▶ Extracted information
········

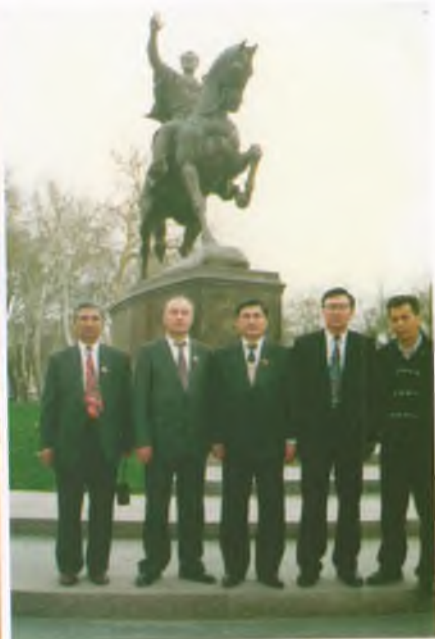
Амир Темирдин эстелиги, Ташкент шаары, 1995-жыл
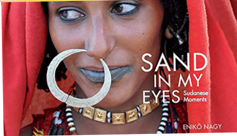
© Sand in my eyes - sudanese moments, Enikő Nagy

Sprichworte, Gedichte, Fabeln und Anekdoten zeigen wie Menschen im Sudan denken, fühlen und nach ihrer Zukunft suchen. Das gleichnamige Buch, für das die Autorin und Fotografin in vielen Jahren im Sudan Momente des täglichen Lebens bei 45 ethnischen Gruppen und nach 30 000 zurückgelegten Kilometern dokumentiert hat, ermöglicht eine Begegnung auf Augenhöhe und leistet kulturellen Widerstand. Nach dem Film präsentieren Shadia Abdelmoneim und Enikő Nagy in einer bebilderten, atmosphärischen Präsentation Auszüge aus dem Buch „Sudanese Moments“ (auf arabisch mit deutscher Übersetzung), dessen gleichnamige Wanderausstellung bisher über 50 000 Besucher begeistert hat. Anschließend gibt es zudem eine Dattelerkostung. >> www.fern-welt-nah.de/sandinmyeyes
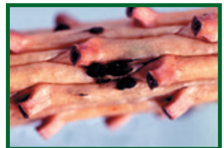
Plodnice (pyknidy) A. abietina na smrku ( P. abies )
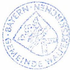
Hörmann 1. Bürgermeister
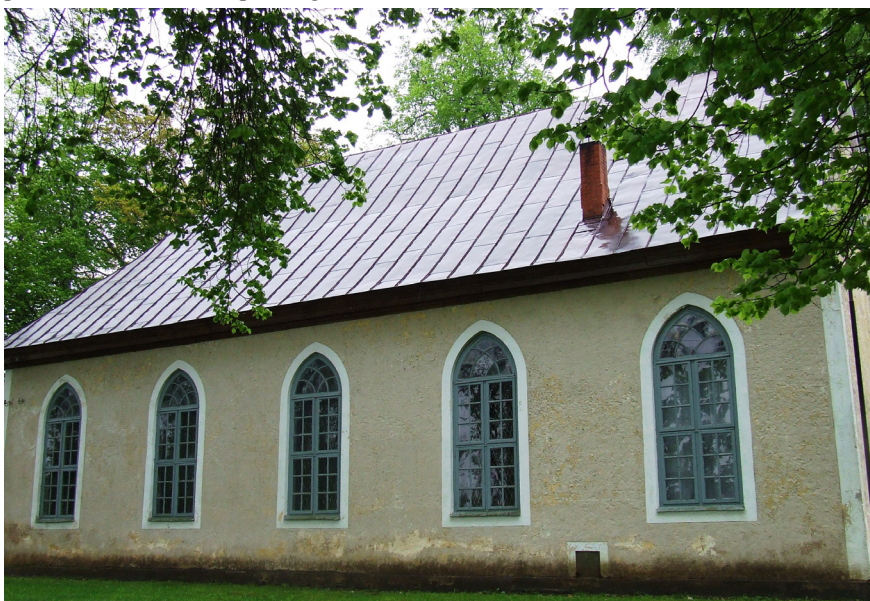
Krapes evaņģēliski - luteriskā baznīca

Kādreizējais Krapes pagasta darbīguma un pārticības simbols – Krapes pienotava stāv pamesta, vienuļa, klusa un bēdīga. Garum garā pienotavas ēka piederot Rīgas piena kombinātam, kas nevienam ēku nevēloties iznomāt. Pienotava beigusī darboties 2004. gadā.
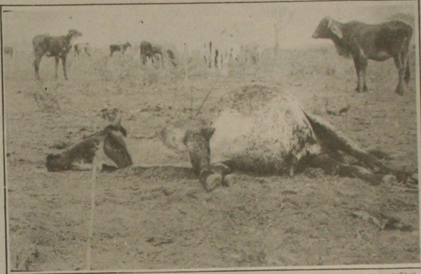
...a seca destruiu a plantação e secou o açude no município de Monte Alegre...
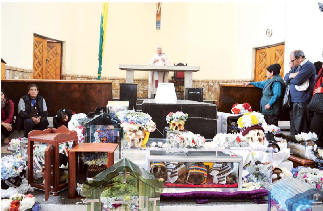
EL DÍA DE LAS ÑATITAS SE REALIZÓ EN LA MAÑANA DE AYER, DOMINGO, EN LA PAZ. EN LA IMAGEN, LOS CRÁNEOS RECIBEN LA BENDICIÓN SACERDOTAL, EN LA IGLESIA DEL CEMENTERIO GENERAL.

Aseguró que "ya se han tomado medidas que están dando sus frutos". Francisco quiso con este mensaje reiterar que nada ni nadie le apartarán de su intención de continuar las reformas en la Curia. (EFE)
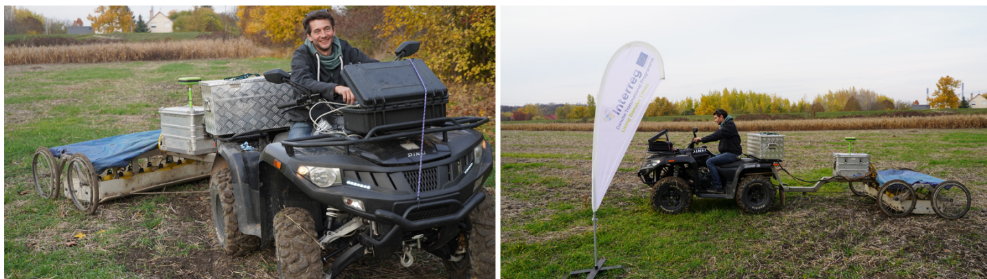
Slike: LBI ArchPro: Arheološka geofizička prospekcija za potrebe projekata Living Danube Limes

Ovi veoma osetljivi instrumenti mogu da detektuju zakopane strukture kada su njihova fizička svojstva merljivo u suprotnosti sa njihovom okolinom, kao što su kameni zidovi i razne prostorne postavke, jame, otvori i kamini. Za potrebe analiza u okviru projekta, tim je primenio motorizovane sisteme za merenje više senzora koji mogu da pokriju velike površine za kratko vreme i stoga imaju veliki potencijal za efikasno istraživanje arheoloških pejzaža.
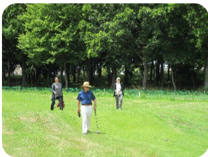
歩くだけでもいい運動♪
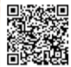
志太さくら 巡りマップ
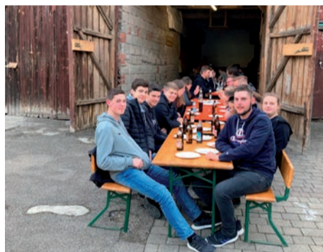
Die Vorstandschaffen der Ortsgruppen wurden vom KV Rothenburg mit Pizza und Cocktails belohnt.

Wunderbar, dass es solche Abende wieder geben kann!
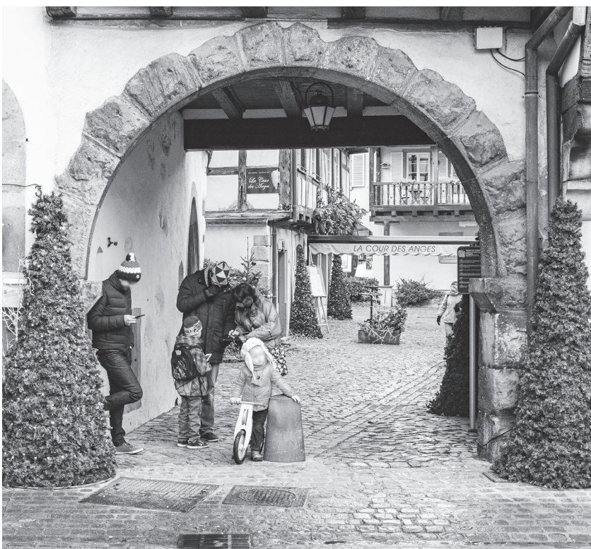
▲ 今年歐洲在聖誕節前夕，逮捕多位涉嫌發動攻擊的有心人士。

德國司法部長布施曼指出，4 名哈瑪斯成員因為涉嫌策劃攻擊歐洲的猶太機構，已在德國與荷蘭被捕。另外，丹麥也以恐怖主義相關罪名拘留 3 位嫌犯。
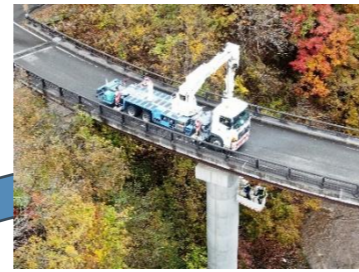
飯館村堰堤橋点検業務
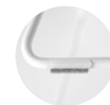
— Felt glides for rod Tacos fieltro para varilla
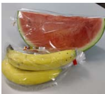
これから食べる機会が増えるスイカ や、給食などにも多く出されるバナ ナなどは皮にも結構な重さがあります

一人ひとりが小さな取り組みを続ける ことで、大きな成果が生まれるはずで す。決して大きな負担ではないと思いま すので、普段の生活から少しずつ、ご みの減量を意識して生活しましょう。
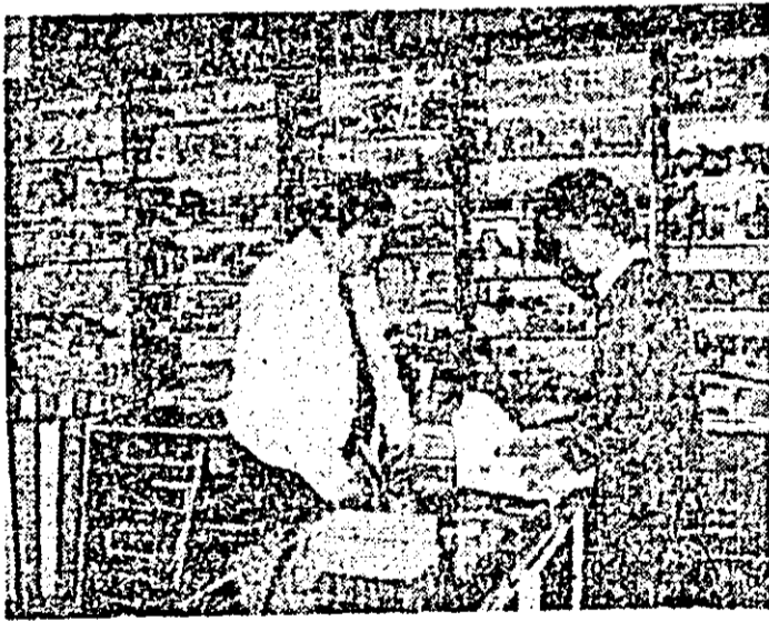
Aspect din noua librărie deschisă în comuna Semlac.
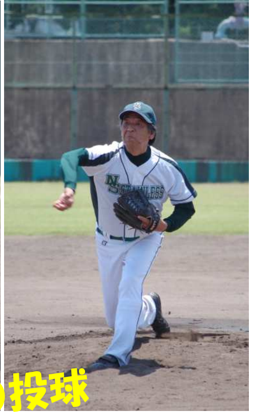
勝利に向けて入魂の投球
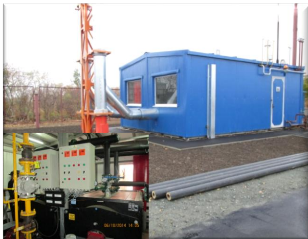
Газовая блочно-модульная котельная с. Юрьевка Павлоградского района

Выполнены проектно-изыскательские работы по строительству внеплощадочных сетей в районе ул. Завертяева для комплексной застройки территории в городе Омске. Законченные строительством объекты: газовая блочно-модульная котельная в с. Юрьевка Павлоградского района; распределительный газопровод природного газа к микрорайону комплексной застройки «Заречный» в городе Калачинске; водопроводные сети в микрорайоне Дачный в с. Одесское приняты в эксплуатацию.
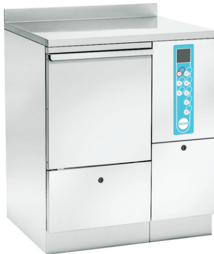
Dim. (LxPxA mm): 750x600x850
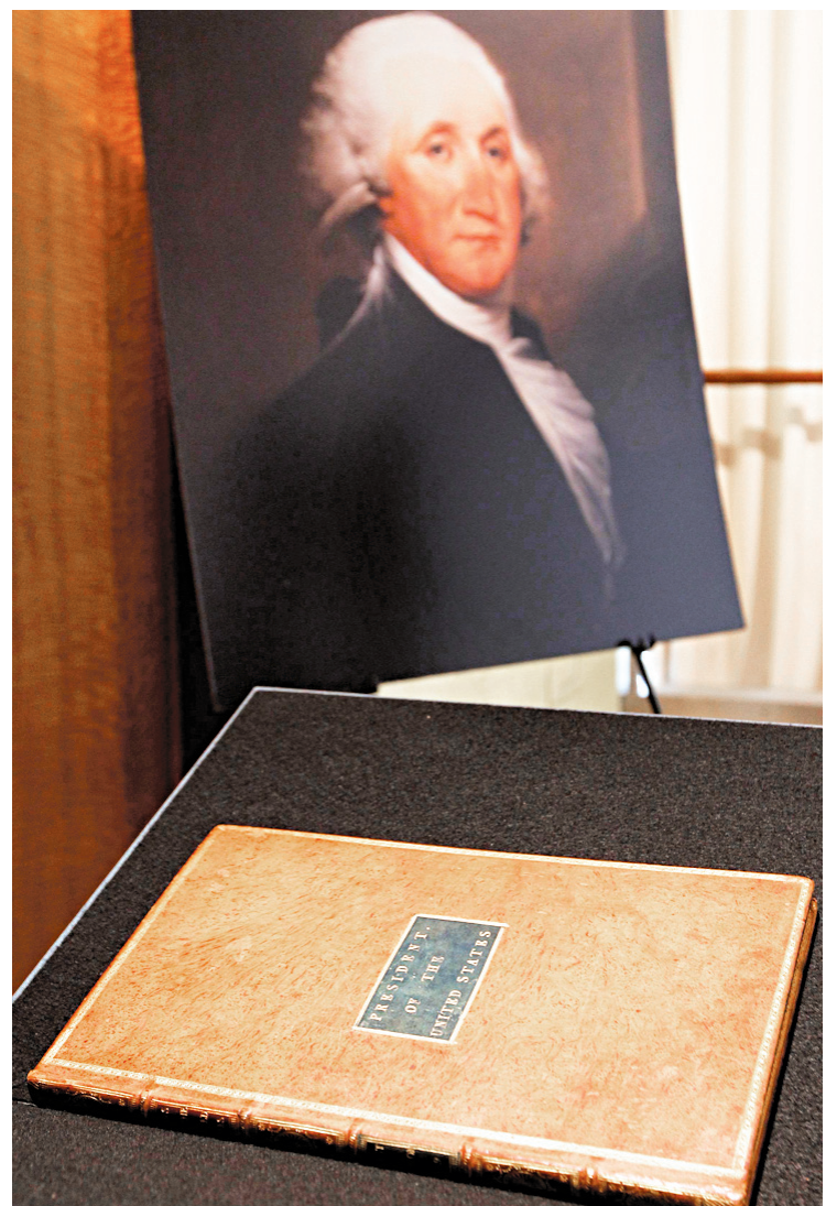
L'ouvrage, à la couverture de cuir blond, signé du président George Washington sur la première page, avait été spécialement relié pour lui en 1789, première année de son mandat présidentiel.
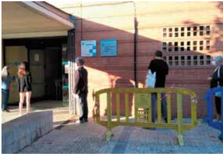
Diverses persones fan cua per accedir al CAP de Castellar, aquest dimecres.

Això pot explicar les dificultats que en alguns moments poden trobar-se ciutadans que volen ser atesos al moment via telefònica. Segons expliquen des del CAP, els nous canvis en el funcionament dels centres d'atenció primària "s'han produït de manera molt brusca, i això ha fet que
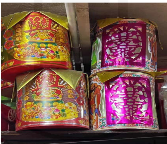
ภาพที่ 80 การใช้ภาพลักษณ์ของทรัพย์สินเงินทองในกระดาศไหว้ไฉ่สิ่งเอี้ย

ที่มา: LU XIAOHUI (ดวงกมล) ถ่ายเมื่อวันที่ 2 สิงหาคม 2564 ที่ร้านเจียมอะฮุ้นเส็ง
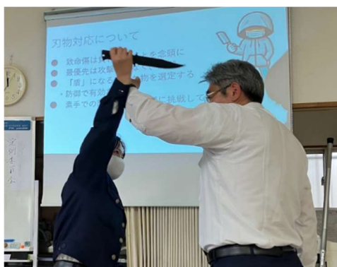
〔刃物対応について〕
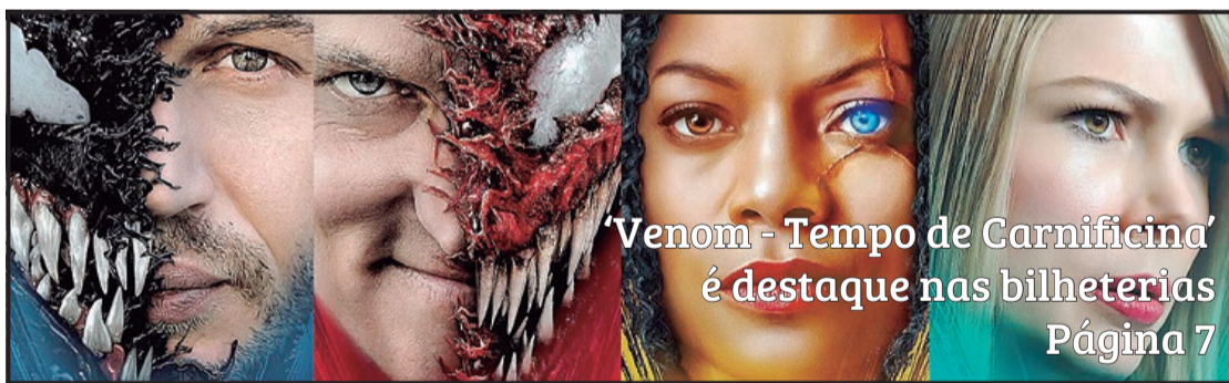
'Venom - Tempo de Carnificina' é destaque nas bilheterias Página 7
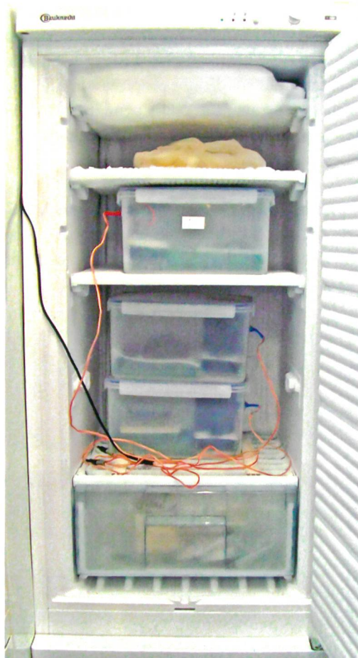
Fig. 2 : L'AFDbox, placée dans un congélateur, doit être sortie pour la pesée des objets en cours de séchage et le renouvellement du gel de silice.

Cette diversité reflète d'une part les conditions de travail : les restaurateurs explorent différentes possibilités en fonction des col-
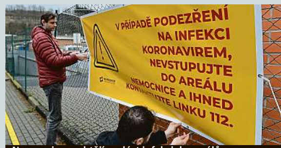
Nemocnice nechtějí zavléct infekci do areálů.
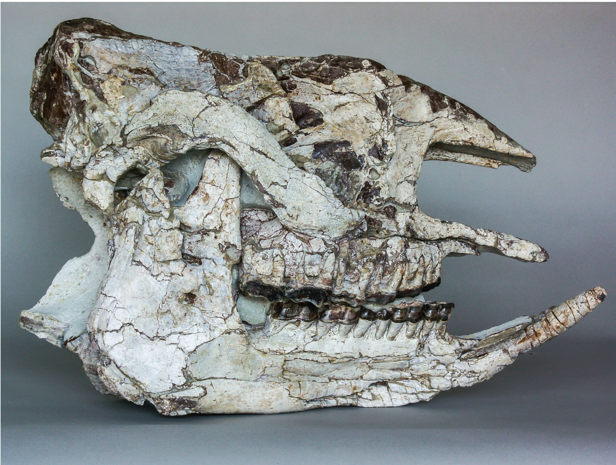
Abb. 7: Einziger vollständig erhaltener Schädel eines hornlosen Nashorns, Diaceratherium lemanense , gefunden 1850 beim Bau der Tiefenastrasse, in der Unteren Süsswassermolasse an der Engehalde in Bern.

Bildbreite: 55 cm.
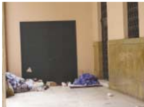
Έξω από τη Νομική Σχολή Αθηνών
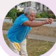
Concours de pétanque
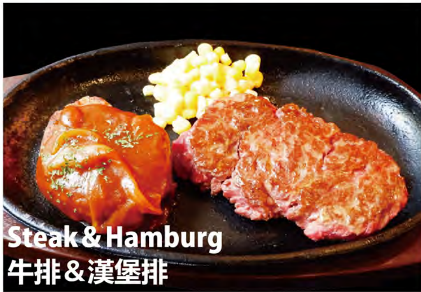
Steak & Hamburg 牛排 & 漢堡排

········

▶ Directions
Beginning with the line that contains "Krapes evaņģēliski - luteriskā baznīca" and ending with the line that contains "志太さくら 巡りマップ", reproduce the listing exactly, pictures excluded.

▶ Written answer
Krapes evaņģēliski - luteriskā baznīca

Kādreizējais Krapes pagasta darbīguma un pārticības simbols – Krapes pienotava stāv pamesta, vienuļa, klusa un bēdīga. Garum garā pienotavas ēka piederot Rīgas piena kombinātam, kas nevienam ēku nevēloties iznomāt. Pienotava beigusī darboties 2004. gadā.
...a seca destruiu a plantação e secou o açude no município de Monte Alegre...
EL DÍA DE LAS ÑATITAS SE REALIZÓ EN LA MAÑANA DE AYER, DOMINGO, EN LA PAZ. EN LA IMAGEN, LOS CRÁNEOS RECIBEN LA BENDICIÓN SACERDOTAL, EN LA IGLESIA DEL CEMENTERIO GENERAL.

Aseguró que "ya se han tomado medidas que están dando sus frutos". Francisco quiso con este mensaje reiterar que nada ni nadie le apartarán de su intención de continuar las reformas en la Curia. (EFE)
Slike: LBI ArchPro: Arheološka geofizička prospekcija za potrebe projekata Living Danube Limes

Ovi veoma osetljivi instrumenti mogu da detektuju zakopane strukture kada su njihova fizička svojstva merljivo u suprotnosti sa njihovom okolinom, kao što su kameni zidovi i razne prostorne postavke, jame, otvori i kamini. Za potrebe analiza u okviru projekta, tim je primenio motorizovane sisteme za merenje više senzora koji mogu da pokriju velike površine za kratko vreme i stoga imaju veliki potencijal za efikasno istraživanje arheoloških pejzaža.
歩くだけでもいい運動♪
志太さくら 巡りマップ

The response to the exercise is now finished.